PacificBiosciences / FALCON

FALCON: experimental PacBio diploid assembler -- Out-of-date -- Please use a binary release: https://github.com/PacificBiosciences/FALCON_unzip/wiki/Binaries
https://github.com/PacificBiosciences/FALCON_unzip/wiki/Binaries
Other
205 stars 102 forks source link

determining how many jobs to go #46

Open dgordon562 opened 9 years ago

dgordon562 commented 9 years ago

Hi, Jason,

At the initial daligner stage (where it is working in 0-rawreads), it submits hundreds of jobs with names such as: d_7741e0bb_raw_reads-ddbf9706. Is there any way to determine how many more such jobs there will be? Or, since I know how many have been submitted (completed and still running), is there any way to know the total that must be completed? Is this information available, for example, in raw_reads.db (or can it be calculated from there)? I just want to know whether I am, for example, 30% done or 99% done.

Thanks, David

pb-jchin commented 9 years ago

The job directory are created before the job submitted. you can get that from the number of directory. Or, you can check the runjobs.sh, it actually lists the individual jobs. I typically do a `find . -name "job*done" | wc` to figure out the progress.

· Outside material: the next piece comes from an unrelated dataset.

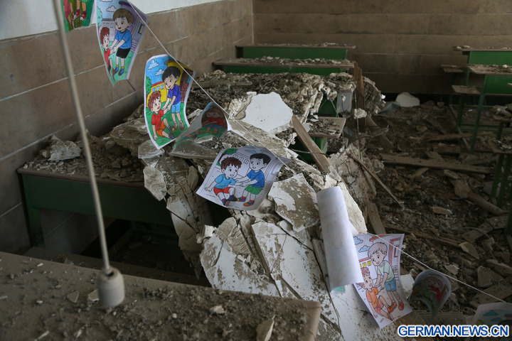 BEIJING, 30. März 2026 (Xinhua) -- Das Foto zeigt die Trümmer in einem Klassenzimmer der Shahid-Mahallati-Schule in Teheran im Iran, 3. März 2026. Der Konflikt zwischen den USA, Israel und dem Iran trat am Sonntag in seinen 30. Tag. Der Nahe Osten ist erneut in einen Kreislauf eskalierender Gewalt geraten. Die Zahl der zivilen Opfer steigt, die regionalen Spannungen verschärfen sich und das Risiko eines größeren Krieges wächst von Tag zu Tag. (Xinhua/Shadati)

dgordon562 commented 9 years ago

Great! Thanks!

Looking at the daligner jobs, the first uses 2 input files, the next uses 3 input files, the next uses 4 input files ...

Thus is the 200th job going to take twice as long as the 100th job? And thus I need to do a quadratic projection of time to complete rather than a linear projection ( e.g., the 2nd half of the jobs will take 3 times as long as the 1st half)?

pb-jchin commented 9 years ago

@dgordon562 I think Gene's blog has some description how he partitions the jobs. For large assembly, those smaller jobs are faster. And the larger jobs are roughly the same size, so I typically do linear extrapolation for estimating finish time. It works good so far.

The other thing you can do is to get the run time for each individual block comparison and there are N*(N-1)/2 block comparison, you can estimate total CPU time from that. The wall clock time does depend o how even of the partitions is.